First, this .pdf is "interoperable" with existing academic structures. It is a document, with a DOI, that can be cited and aggregated just like any other. N:SD thus avoids the pitfall of being so bold as to be illegible to practicing academics.
Second, the data descriptor institutionalizes a novel set of standards for what documents like this should look like, what kind of information they should include. Establishing this format is important because it allows practitioners to learn from example rather than casting about at random. Establishing rigorous baselines also protects authors from potentially unlimited objections about what they *didn't* include.
Third, and most importantly: everything about this document, from the name to the section headings, is dedicated to the idea that knowledge is stored in the .csv. This helps legitimate a form of scientific contribution that centers the data, rather than treating the data as simply a means to an end.
Ultimately, of course, all social science data are a means to an end: the end is to better understand and/or predict human behavior. A major goal of meta-science, and this blog in particular, is to argue that the *format* of scientific production is an essential input to scientific output. The way we bundle (for example) data, code, and theory in a journal article has evolved more or less arbitrarily. This form has only loosely and slowly adapted to the frontiers of knowledge production made possible by contemporary communication technology.
Consider how the data descriptor differs from the replication file. Replication files have been a significant meta-scientific advance over the dark ages of "data available upon request." But they are clearly second-fiddle to the paper itself: they are optimized to ensure that the precise analysis presented in the paper can be replicated, not to archive or publicize data that might be used for meta-analysis or future research.
And the replication file will never see the light of day unless the paper itself is published. That is, researchers might have collected a fantastic dataset that others would love to learn from, but we never see it unless editors and reviewers agree that the associated .pdf contains a sufficient theoretical contribution.
(This is part of our motivation for founding the Journal of Quantitative Description: Digital Media. Although we retain the format of the academic journal article, we are able to publish useful descriptions based on datasets that may otherwise have lingered on someone's desktop. This is a less a knowledge windfall than knowledge scavenging, but the impulse is the same: lowering the marginal cost of knowledge production and thus increasing the aggregate amount of knowledge.)
The Problem of Site-Selection Bias
Site-selection bias is a serious problem for the field experimentalist paradigm. Field experiments are run in a given location (and at a given time) or set of locations; ideally, these locations would be selected as-if randomly from all relevant locations. But the practical realities of running experiments ensure that this is almost never the case. Allcott (2015) describes an experiment to investigate the effects of a public service campaign to reduce household energy consumption.
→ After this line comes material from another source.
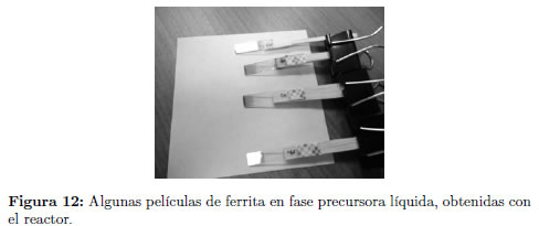 El reactor fue utilizado en el crecimiento de películas delgadas de partículas de ferrita (Fe3O4) en suspensión coloidal, estabilizadas en medio acuoso.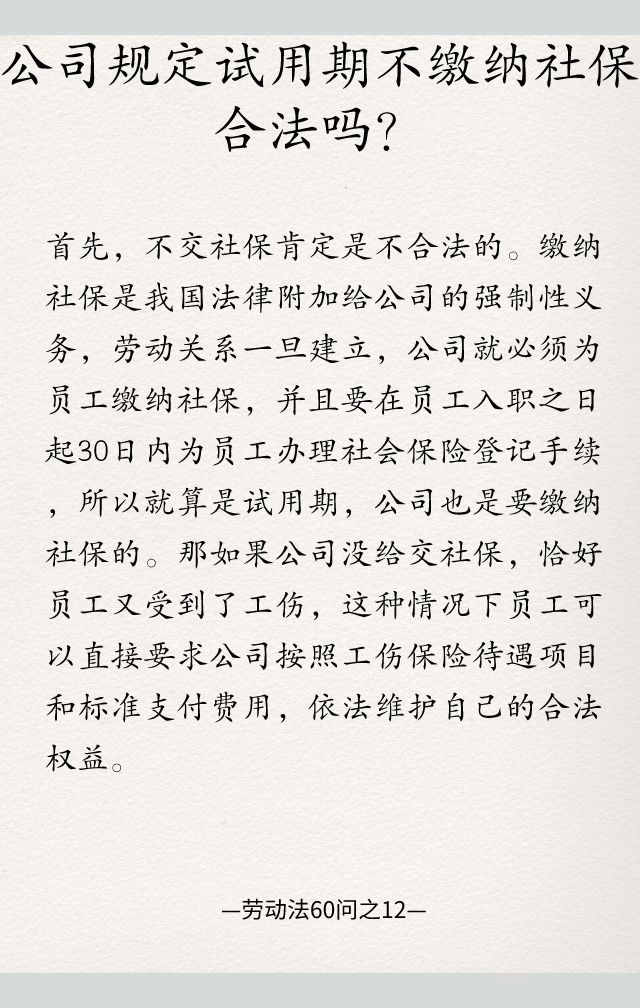 劳动法60问之12|公司规定试用期不缴纳社保合法吗?

The experiments do everything right: “large samples totaling 508,000 households, 10 replications spread throughout the country, and a useful set of individual-level covariates to adjust for differences between sample and target populations.”
But when the campaign is rolled out to the entire country, the average treatment effects estimated by the experiment are much too high. The problem is that communities with governments who are willing to participate in an experiment to reduce energy consumption are themselves composed of individuals who are unusually likely to respond to that experiment.
There's no easy solution to this problem, but that doesn't mean we should ignore it in the context of knowledge windfalls.
The Upworthy windfall was only possible because the knowledge was actually valuable to the company; they spent a lot of time and money developing and using the experimentation architecture. More generally, the site-selection biases resulting from donations from corporations means that certain types of knowledge---the most immediately profitable---will be over-represented.
No research paradigm can avoid these problems entirely, but through researcher awareness and methodological pluralism, we can better triangulate the truth.
Of course, there is zero risk that donated knowledge windfalls come to comprise the entirety of social science practice; there aren't nearly enough relevant datasets out there. But while this approach cannot scale indefinitely, social scientists should take as much advantage as possible.
There are unresolved ethical and scientific challenges involved in collaborating with powerful institutions capable of large-scale interventions or experiments, from Facebook to the Democratic Party. Both the ethical stakes for the researcher and the privacy/public relations risks for the entity are significantly reduced, however, if the collaboration takes the form of a knowledge windfall, with several years delay.
For some research questions, temporal validity is of the utmost importance, and this delay is costly. These pressing policy-relevant questions are also the least likely to find willing collaborators in tech companies. However, the most important long-term scientific goal (I believe) is to create lengthy time series data. In this case, we always have to wait decades to get a time series that spans decades, and the cost of a few years delay is negligible.
To any corporate/NGO/PAC/government tech workers who know of internal datasets (especially related to experiments!) that are just sitting around experiencing bit decay: get in touch with us! We have a playbook for turning that lead into gold, in a way that will benefit you, your organization, social scientists, and (most importantly) the public.
Thanks to GOOD/Upworthy's trailblazing example---combined, if necessary, with important advances in differential privacy---we could soon see an explosion in certain areas of social science knowledge production. At the risk of being slightly cheeky: the single most important action the US government could take to spur social science knowledge production would be to allow corporate entities to treat data donations as tax-deductible. The data in the Upworthy Research Archive cost millions of dollars to create, and while they're not perfect, I would happily pro-rate their scientific value, at a reasonable percentage.